A novel attack named "LegalPwn" embeds adversarial instructions inside legal-style text to exploit LLMs' compliance with legal disclaimers and perform prompt injections. LLMs generate outputs by predicting next tokens from large corpora, a statistical process presented as reasoning despite occasional inaccuracies. Companies add guardrails to prevent illegal or dangerous outputs, but attackers can bypass those protections via simple jailbreak techniques. Simple formatting tricks and authoritative phrasing can trick models into ignoring safeguards, raising urgency for mitigations as LLMs integrate with critical systems and sensitive workflows.
Stick your adversarial instructions somewhere in a legal document to give them an air of unearned legitimacy - a trick familiar to lawyers the world over. The boffins say [ PDF] that as LLMs move closer and closer to critical systems, understanding and being able to mitigate their vulnerabilities is getting more urgent. Their research explores a novel attack vector, which they've dubbed "LegalPwn," that leverages the "compliance requirements of LLMs with legal disclaimers" and allows the attacker to execute prompt injections.

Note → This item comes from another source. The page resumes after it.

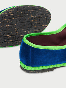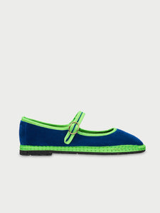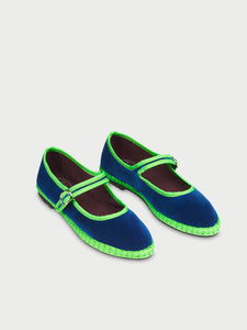• Velvet mary jane in dark blue with neon green piping and buckle closure.
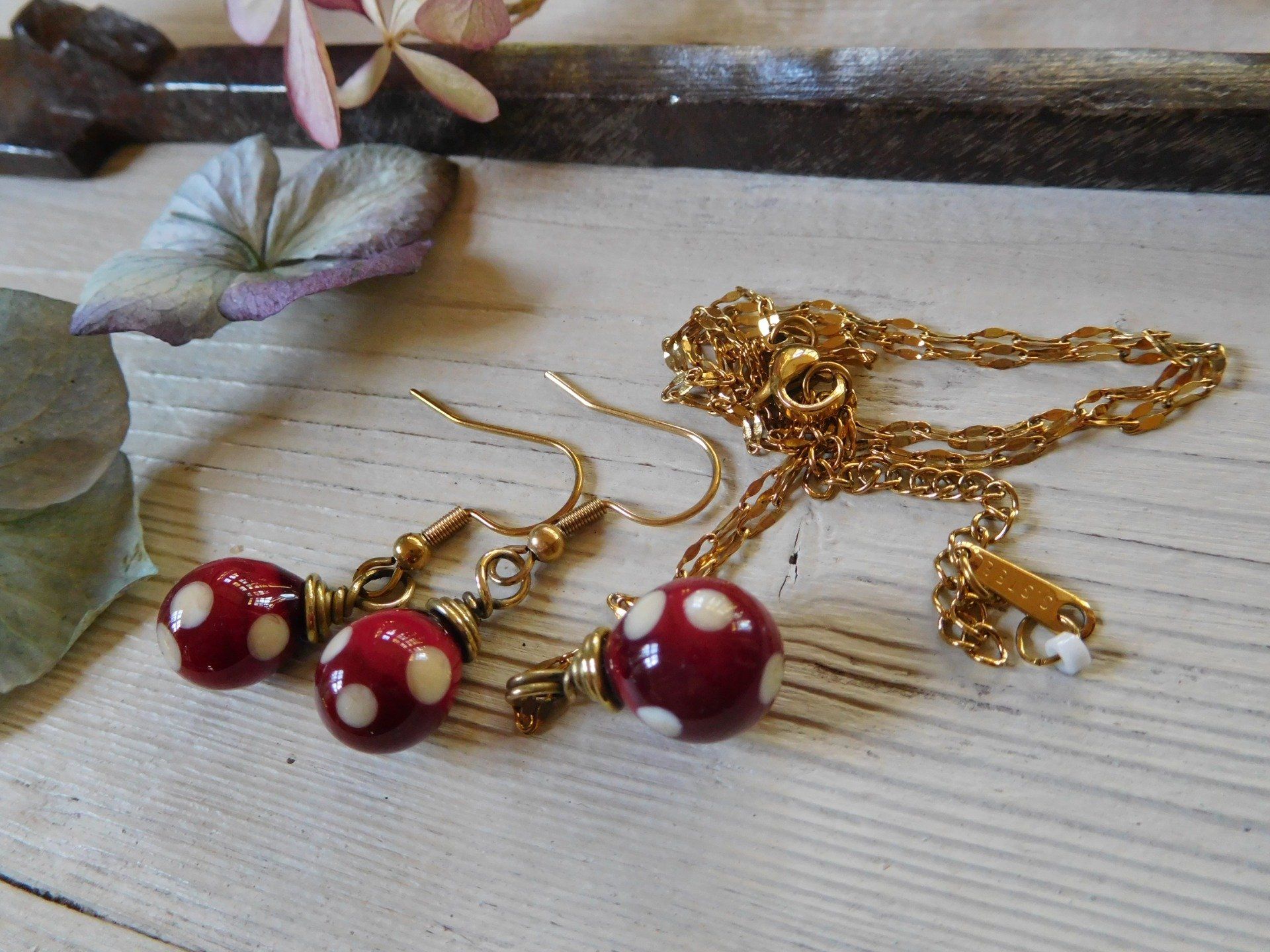 Parure boucles d'oreilles bohèmes et pendentif avec perles en verre filé au chalumeau, modèle unique créé dans mon atelier en Finistère.

LLMs are the fuel behind the current AI hype-fest, using vast corpora of copyrighted material churned up into a slurry of "tokens" to create statistical models capable of ranking the next most likely tokens to continue the stream. This is presented to the public as a machine that reasons, thinks, and answers questions, rather than a statistical sleight-of-hand that may or may not bear any resemblance to fact.
LLMs' programmed propensity to provide "helpful" answers stands in contrast to companies' desire to not have their name attached to a machine that provides illegal content - anything from sexual abuse material to bomb-making instructions. As a result, models are given "guardrails" that are supposed to prevent harmful responses - both outright illegal content and things that would cause a problem for the user, like advice to wipe their hard drive or microwave their credit cards. Working around these guardrails is known as "jailbreaking," and it's a surprisingly simple affair.